Ketua Umum SPN, Djoko Heriyono berpendapat bahwa permasalahan Pekerja/Buruh dalam aktifitas ketenagakerjaan di Indonesia dewasa ini sungguh sangat memprihatinkan. Menurutnya, kebijakan Pemerintah Republik Indonesia yang tidak tegas dan cenderung tajam ke Pekerja/Buruh dan tumpul kepada investor menjadikan salah satu parameter kegagalan Pemerintah dalam menjalankan fungsi regulasinya.

“Kami meminta kepada pemerintah untuk memberikan Jaminan Sosial Semesta Sepanjang Hayat kepada seluruh rakyat Indonesia yang mencakup Jaminan Pemeliharaan Kesehatan, Jaminan Pengangguran, Jaminan Kecelakaan Kerja, Jaminan Kematian, Jaminan Hari Tua, Jaminan Pensiun, Jaminan Pesangon, Jaminan Kehamilan dan Melahirkan, Jaminan Keluarga, dan Jaminan Disabilitas. Termasuk Kompensasi penghasilan pekerja selama Cuti hamil melahirkan 6 bulan, dan atau selama tidak dapat bekerja karena sakit cacat sebagian atau cacat tetap mendapatkan jaminan penghasilan sesuai upah yang diterimanya dari Jaminan Sosial Nasional, dan Pekerja memasuki lanjut usia 60 tahun mendapatkan Jaminan Pensiun langsung tunai setiap bulannya sampai akhir hayat,” ungkapnya.

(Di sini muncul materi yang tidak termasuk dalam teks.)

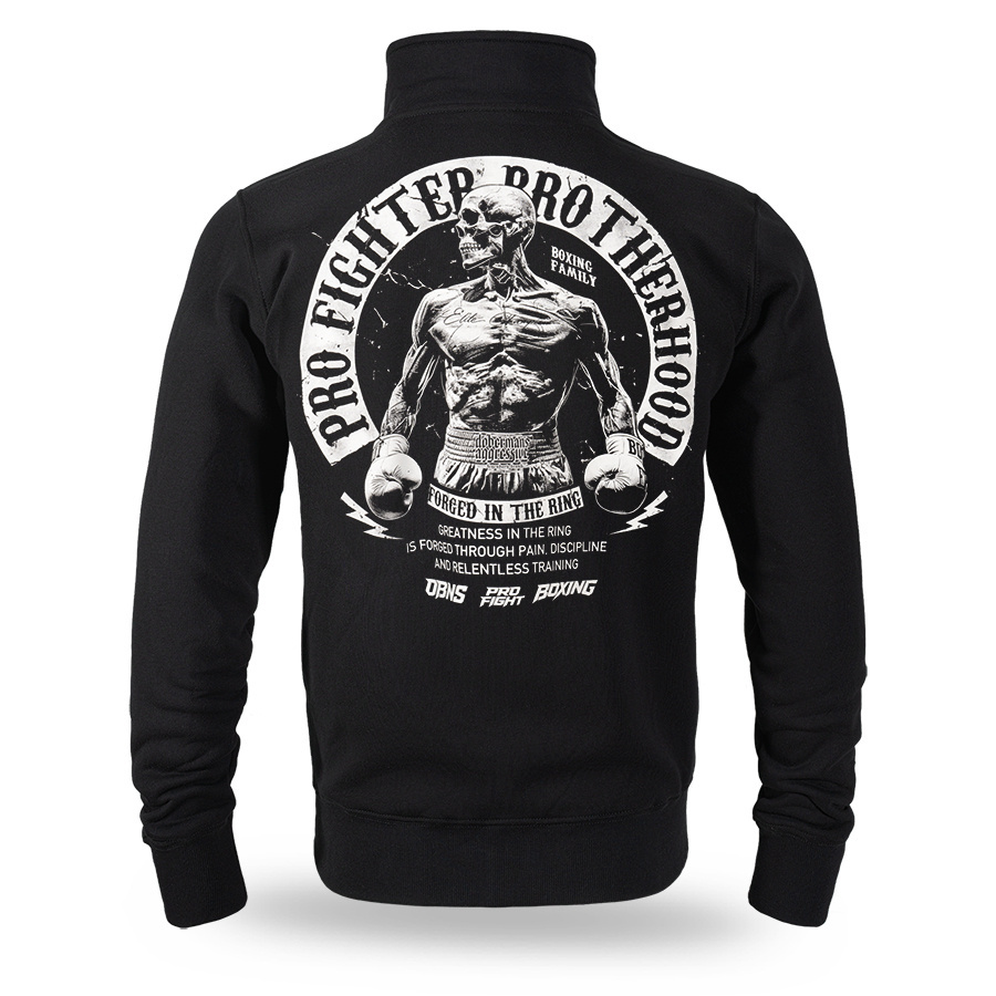Bluza ze stójką PRO FIGHTER to zapinany na zamek model od Doberman’s Aggressive, wyróżniający się surowym, sportowym wykończeniem. Wysoki kołnierz skutecznie chroni przed chłodem, a potężna grafika bokserska na plecach podkreśla ducha walki i determinację. Jest to klasyczna odzież uliczna wyposażona w dwie praktyczne kieszenie, która idealnie łączy techniczną wygodę z autentycznym stylem inspirowanym ringiem.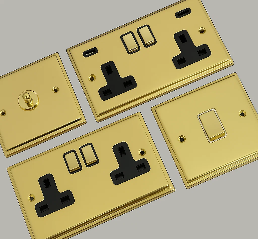 This is a full range of our Deco sockets and switches, finished in a polished brass finish.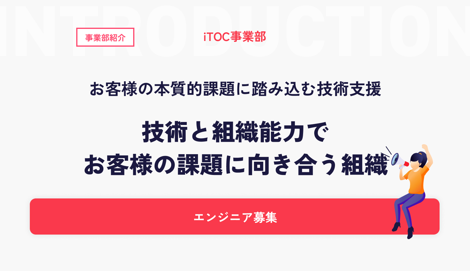 事業部名の「iTOC」は Increasing Technical & Organizational Capabilities の略称です。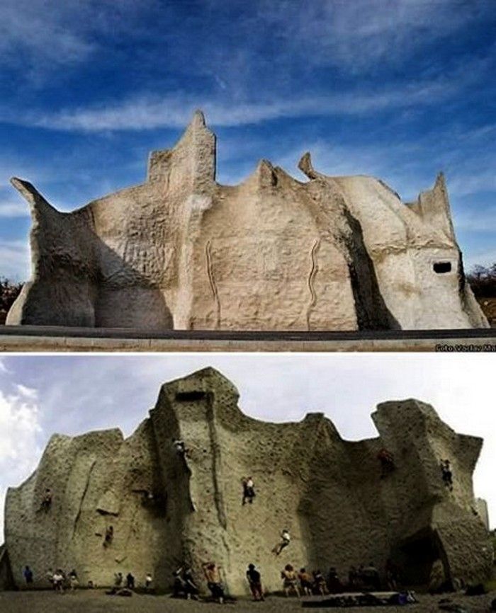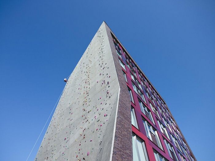 Люди буквально поднимаются на стену здания, расположенного на территории Университета Энсхеда. Стена для скалолазания, построенная местным клубом альпинизма, включена в общую архитектуру здания. Она призвана нести не только декоративную функцию, но и формировать окончательную форму постройки.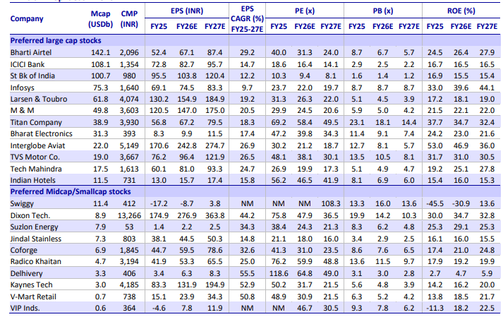 Its largecap picks include InterGlobe Aviation (IndiGo) Bharti Airtel, ICICI Bank, State Bank of India (SBI), Infosys, Larsen & Toubro (L&T), Mahindra & Mahindra (M&M) and Eternal. MOFSL said it also prefers Bharat Electronics (BEL), TVS Motors, Tech Mahindra and Indian Hotels in the largecap space.

Dalam aksi tersebut, sejumlah perwakilan pimpinan SPN diterima oleh utusan dari kantor staf presiden (KSP) untuk membahas terkait tuntutan aksi. Berdasarkan hasil diskusi bersama KSP, kata Djoko, apa yang telah diperjuangkan SPN tentang job security, income security, dan sosial security dalam kemasan Jaminan Sosial Semesta Sepanjang Hayat sangat membantu perbaikan jaminan sosial.

“Dengan adanya regulasi-regulasi yang terus diperbaiki, maka pihak KSP meminta kerjasama dan pemerintah akan terus mendorong pemerintah provinsi maupun kabupaten/kota untuk merealisasikan JS3H,” ujarnya.

Sementara itu, Presiden KSPI Said Iqbal yang menyambangi massa aksi menilai bahwa JS3H merupakan cita-cita negara sebagaimana tertuang dalam sila kelima Pancasila yaitu Keadilan sosial bagi seluruh rakyat Indonesia.

“Tidak akan pernah ada keadilan sosial jika tidak ada jaminan sosial. Oleh karena itu, apa yang menjadi tuntutan SPN sudah benar,” pungkasnya.